I looked quickly at the web site, and did not see any connection to organization or instructor. 

Good luck.


----------



## Touch Of Death (Oct 21, 2006)

I'm not sure lineage is that important to a begginer. You are either going to have a positive or negative experience.
Sean


----------



## drummingman (Oct 21, 2006)

OneKickWonder said:


> it sounds like they are talking about goju ryu jiu jitsu. It is part of the traditional japanese jiu jitsu that BJJ was based on. I dont have a lot of experince but there was an instructor that shared the school with my instructor for a while. I saw a little of his stuff. He didnt start teaching grappling until the higher belts, and it does not get as in depth as BJJ but it is a martial art and there can be something learned from EVERY martial art.
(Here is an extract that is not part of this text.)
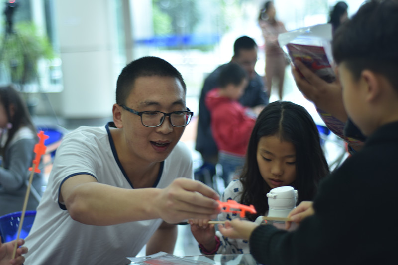 活动现场,南京航空航天大学航天科工科技创新社团成员、南航德赢vwin最新版下载2015级研究生带领现场的小朋友制作航模。德赢vwin最新版下载15级研究生韩铖、陆晓忆为小朋友们讲解飞行器的相关知识以及航模的制作流程,随后分组引导小朋友们完成航模的制作。
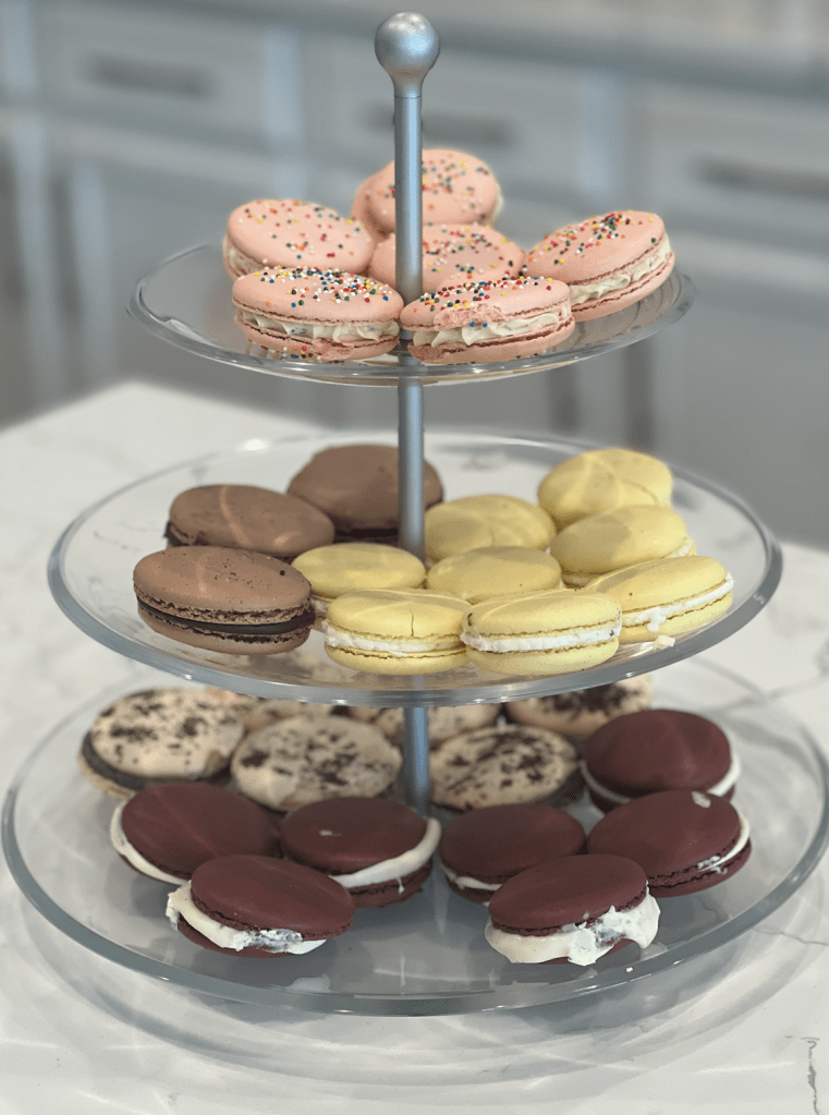 In this recipe, I am sharing 4 different flavors of French macarons: Red Velvet, Chocolate, Cookies and Cream, and Birthday Cake. All of the flavors but Chocolate and Red Velvet share the same base recipe.

i can't find that style on the net.i did a search and the only thing that came up was danzen style.


----------



## ArmorOfGod (Oct 21, 2006)

Touch Of Death said:


> I'm not sure lineage is that important to a begginer. You are either going to have a positive or negative experience.
> Sean


 
I agree with this statement.  If it feels right, try it out.  

Just find out if there is a trial period, or better yet, find out if there is a required payment contract.  If there is, pick as short of one as possible.  I have only trained at schools where there was no contract, so I could leave if I wanted or needed.

AoG


----------



## Sigung86 (Oct 22, 2006)

ArmorOfGod said:


> I agree with this statement.  If it feels right, try it out.
> 
> Just find out if there is a trial period, or better yet, find out if there is a required payment contract.  If there is, pick as short of one as possible.  I have only trained at schools where there was no contract, so I could leave if I wanted or needed.
> 
> AoG



Have to go with the majority on this one.  Pedigree isn't everything.  Does it feel good?  Does the instructor teach well.  Are you "sympatico", as it were?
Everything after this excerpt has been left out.